= Beginning of Section =

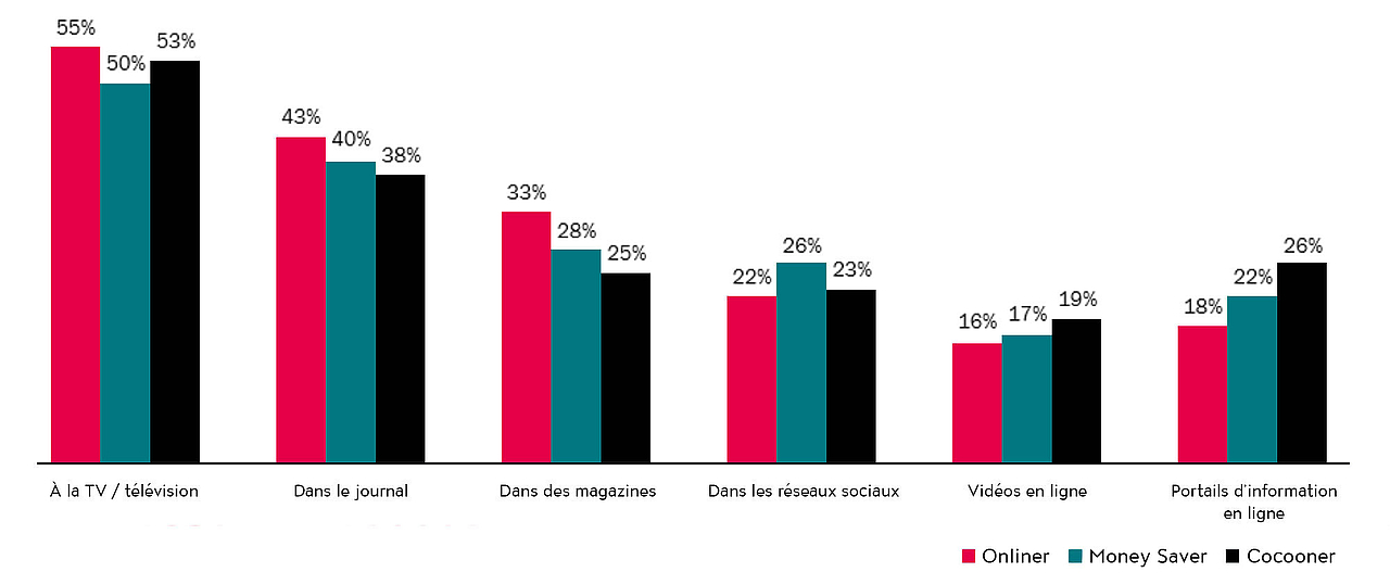 La pandémie entraîne donc des changements au niveau des comportements d’achat en ligne, d’épargne et de cocooning. La première question est de savoir à quelle forme de publicité ces groupes de personnes prêtent attention.
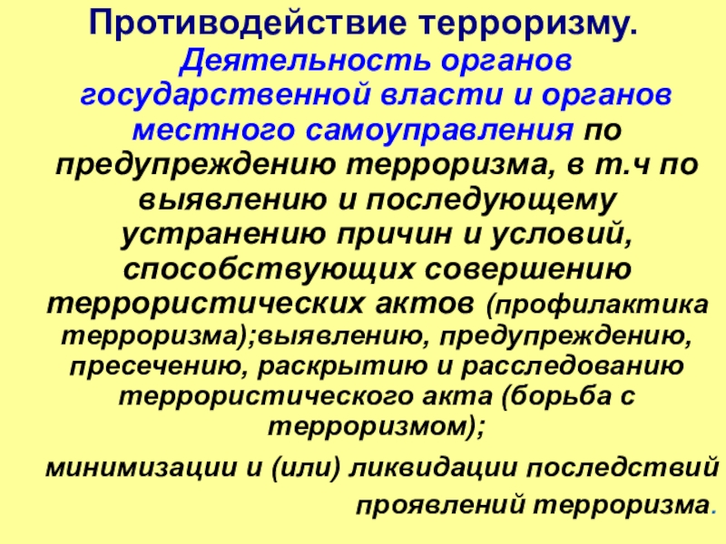 Слайд 10Противодействие терроризму. Деятельность органов государственной власти и органов местного самоуправления по
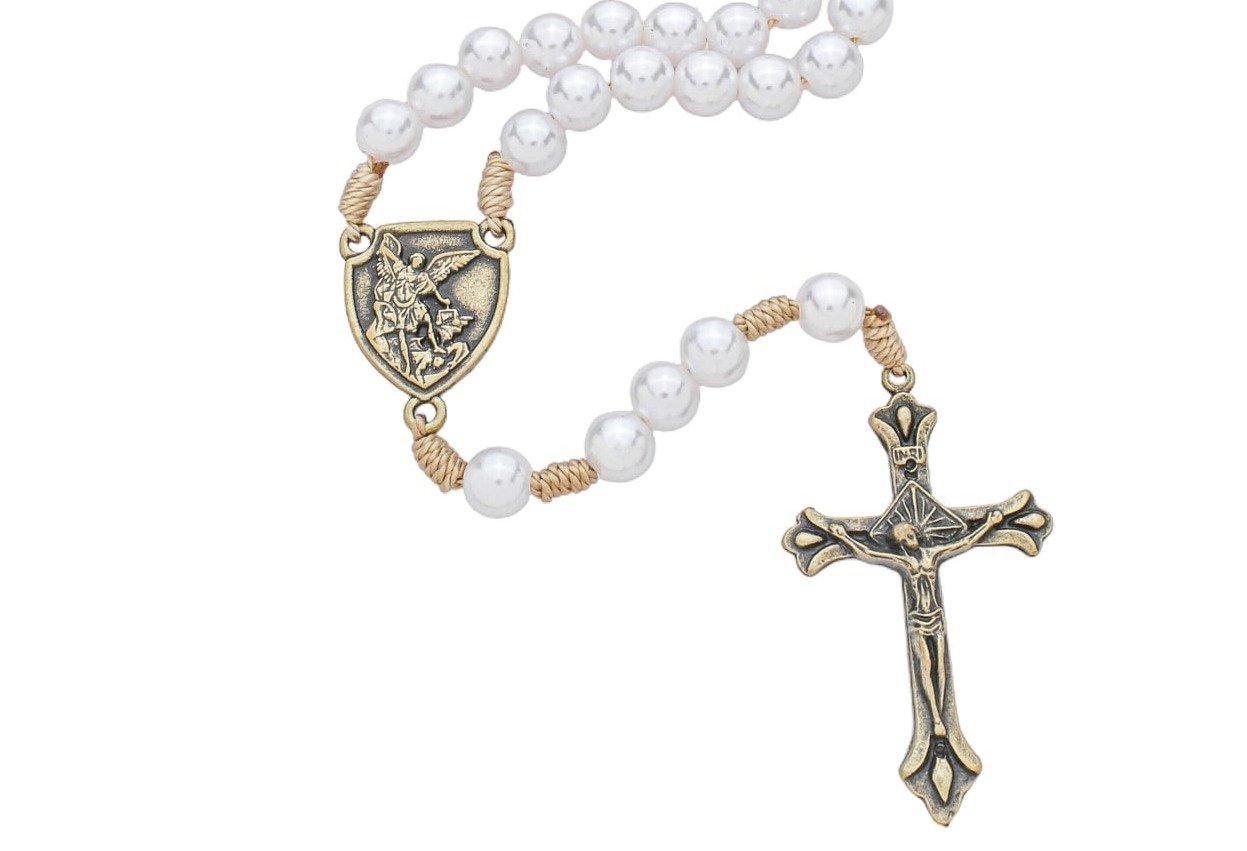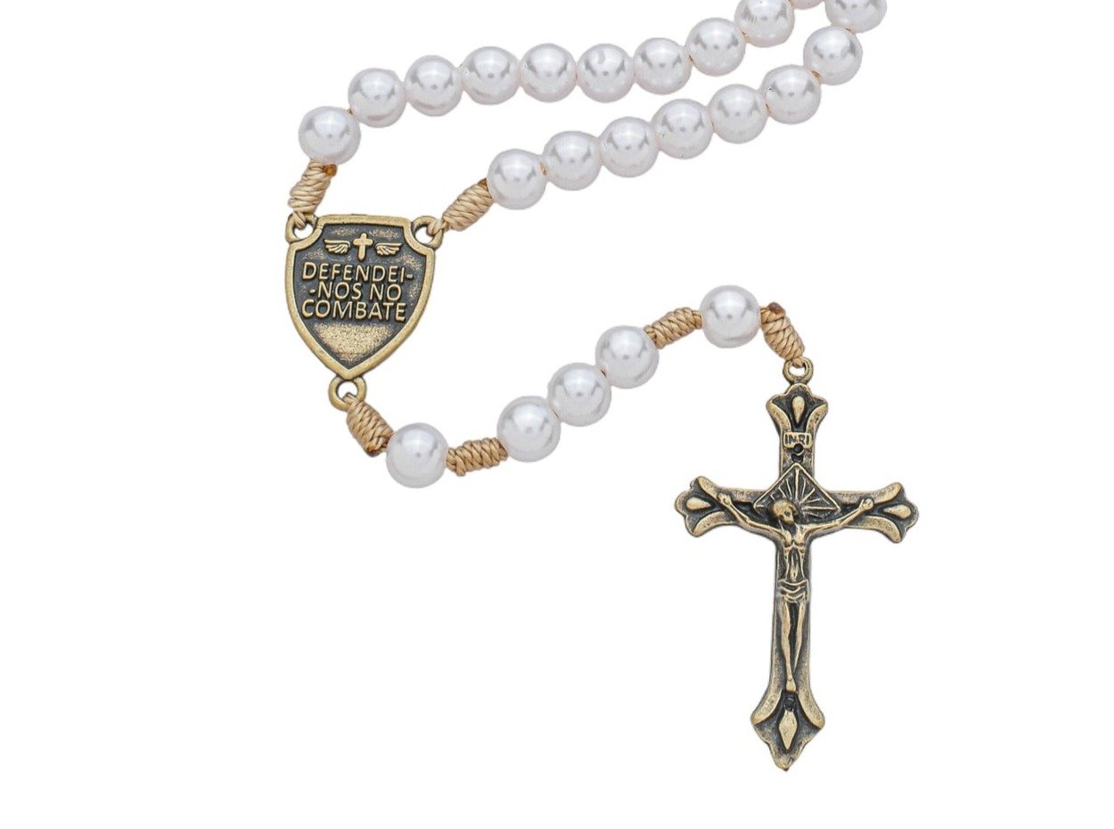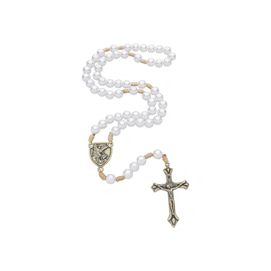 Terço São Miguel de Pérola ABS Branca 8mm

= End of Section =

→ PROBLEM STATEMENT: Every line from the one containing "Слайд 10Противодействие терроризму." to the last line of the material must be returned exactly. Leave out any pictures.

→ SOLUTION:
 Слайд 10Противодействие терроризму. Деятельность органов государственной власти и органов местного самоуправления по
 Terço São Miguel de Pérola ABS Branca 8mm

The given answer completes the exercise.